Chester Marcol

No. 13, 5
- Position: Placekicker

Personal information
- Born: October 24, 1949 (age 76) Opole, Poland
- Listed height: 6 ft 0 in (1.83 m)
- Listed weight: 190 lb (86 kg)

Career information
- High school: Imlay City (Imlay City, Michigan)
- College: Hillsdale
- NFL draft: 1972: 2nd round, 34th overall pick

Career history
- Green Bay Packers (1972–1980); Houston Oilers (1980);

Awards and highlights
- 1972 NFC Rookie of the Year; 2× First-team All-Pro (1972, 1974); 2× Pro Bowl (1972, 1974); 2× NFL scoring leader (1972, 1974); Green Bay Packers Hall of Fame; NFL records Field goal attempts (rookie season) – 48 (1972); Packers: Field goals made (season) – 33 (1972);

Career NFL statistics
- FGM / FGA: 121 / 196
- FG%: 61.7%
- XPM / XPA: 156 / 167
- Total touchdowns: 1
- Stats at Pro Football Reference

= Chester Marcol =

Polish player of American football (born 1949)
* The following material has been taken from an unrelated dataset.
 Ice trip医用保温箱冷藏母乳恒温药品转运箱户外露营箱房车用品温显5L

Czesław Bolesław "Chester" Marcol (born October 24, 1949) is a Polish American former professional football player who was a placekicker in the National Football League (NFL), primarily for the Green Bay Packers from 1972 to 1980. He played college football for the Hillsdale Chargers. He was inducted into the Green Bay Packers Hall of Fame in 1987.

==Early life==
Marcol lived in Poland until the age of 14, when his father committed suicide, forcing Marcol's mother to send their family to the United States. Marcol soon became a U.S. citizen. He attended Imlay City High School in Michigan without much knowledge of the English language. In Poland, Marcol had great kicking abilities in soccer. His gym teacher discovered his talent and showed him the game of football. He attended Hillsdale College where he was named NAIA All-American and holds the record for longest field goal.

==Professional career==
Marcol was selected by Packers head coach Dan Devine in the second round (34th overall) of the 1972 NFL draft. He scored 128 points his rookie year, leading the league in scoring, and he was named NFC Rookie of the Year — the only kicker to have received that honor — and an All-Pro. He again led the league in scoring and was named an All-Pro and Pro Bowler in 1974.
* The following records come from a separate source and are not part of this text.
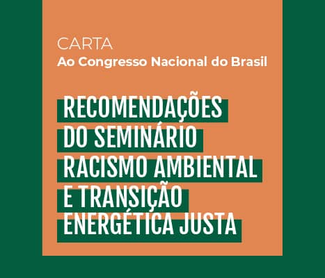 Carta ao Congresso Nacional do Brasil apresenta recomendações do Seminário Racismo Ambiental e Transição Energética Justa.
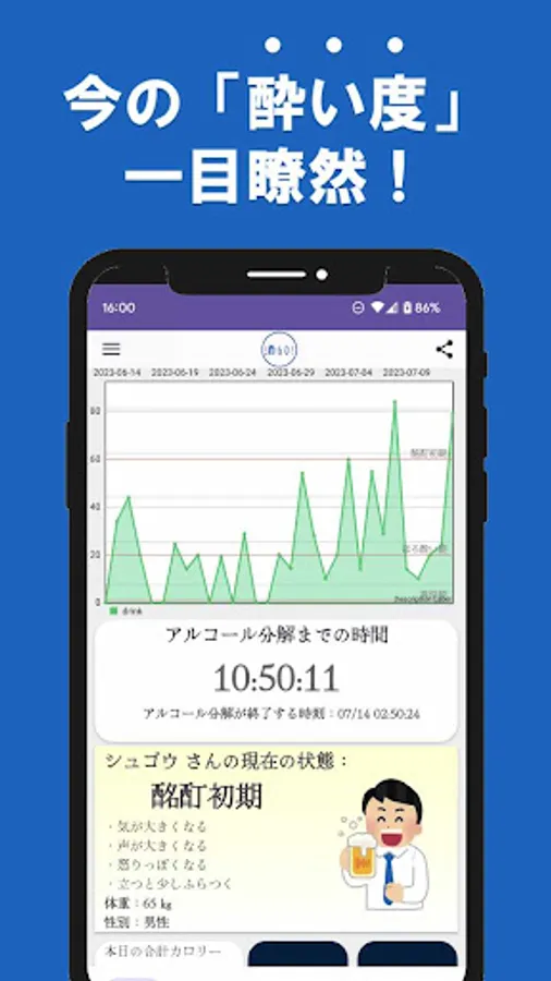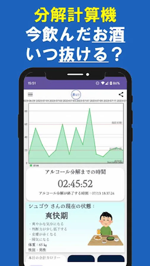 In addition, since alcohol decomposition is also performed in muscles, albeit in very small amounts, we have adopted an algorithm that slightly increases or decreases according to muscle mass.
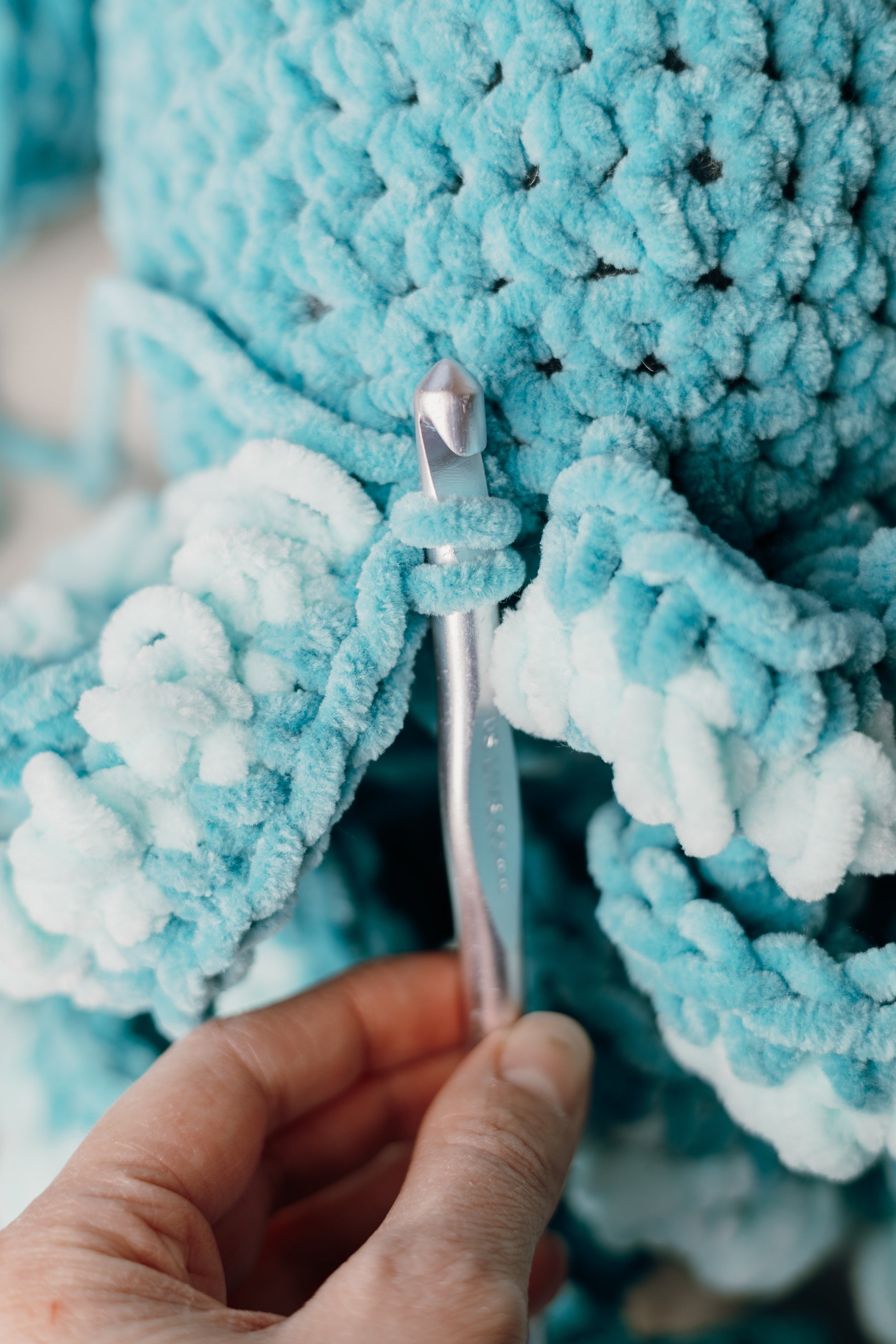 I used Universal Yarns - Bella Chenille in Coastal and Honeydew. There are many yarn manufacturers who made chenille yarn - so I'm sure you can find a suitable substitute.
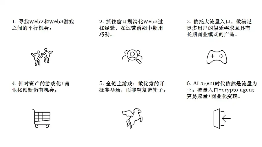 此外,对于那些仍在探索和观望团队而言,首先可以在 web2 获客成本居高不下且商业模式出现瓶颈之际抓住 Web2 和 Web3 之间的平行机会,尤其是以休闲游戏和 AI 带动的大量玩家群体。其次,总结和消化过往成功/热点项目经验,也能学到很多方法论,在运营中用巧劲。第三,可以在大流量入口之上做满足更多用户娱乐需求且具有长期商业模式的产品。第四,基于新的资产形式,资产的游戏化+商业化创新仍有机会。然后,对于全链上游戏,更建议团队做优秀的开源赛马场而不是重复造轮子,或许有机会开启下一波热潮。最后,未来的 Crypto agent(crypto+AI)领域也大概率依旧是流量为王,团队应该坚持流量主导的路径,在不远的将来链上 AI agent 必定倾向于与优质的流量入口合作。

Marcol may best be known for his game-winning touchdown in the season opener in 1980, at home against the Chicago Bears. The Packers were tied 6–6 with the Bears after regulation; in overtime, a 32-yard pass from Lynn Dickey to James Lofton helped set up a 34-yard field goal attempt to win the game. Marcol's kick was blocked by veteran Alan Page (the ball hit Page's helmet) and deflected straight back to Marcol; he caught the ball, ran around left end, and was able to make it 25 yards into the end zone for a 12–6 Packers victory. He later acknowledged that he was high on cocaine during the game's second half.

A month later, Marcol was cut by head coach Bart Starr on October 8, following a rough game against the Cincinnati Bengals, a 14–9 home win for Green Bay. Starr said Marcol was cut because of poor kickoffs, but Marcol felt it was because of his cocaine use; he was succeeded by Tom Birney, then hall of famer Jan Stenerud. Marcol signed with the Houston Oilers two months later when they came to Green Bay for a game on December 14. It was determined very late that week that Oilers kicker Toni Fritsch would be unable to play and Marcol was still residing in Green Bay, so the Oilers claimed him off waivers. He kicked one field goal (27 yd), but made only one of three PATs in a 22–3 Houston win. Marcol remained with the Oilers for the rest of the season, but did not play again due to Fritsch's return. Marcol has said that his excessive drug and alcohol use shortened his career drastically and that he could've played well into his forties, claiming that he was still making 50-yard field goals in his street clothes at that age. He was inducted into the Green Bay Packers Hall of Fame in 1987.

==Post-football years==
On 14 February 1986, Marcol attempted suicide by drinking a mixture of battery acid, rat poison, and vodka, which severely damaged his esophagus. He had his esophagus stretched as treatment.

Marcol is a resident of the Upper Peninsula community of Dollar Bay, Michigan. He has a wife and five children. He slowly recovered from his addictions, but still suffers from hepatitis C and a heart condition. He works on weekends as a drug and alcohol abuse counselor near his home. A lot of his clients think that he has been an immense help to their recovery, and a big support system for helping stay sober.

Marcol published a memoir in September 2011 entitled Alive and Kicking: My Journey Through Football, Addiction and Life. He discusses his childhood, immigration to the United States, playing for the Packers, and his fall from grace.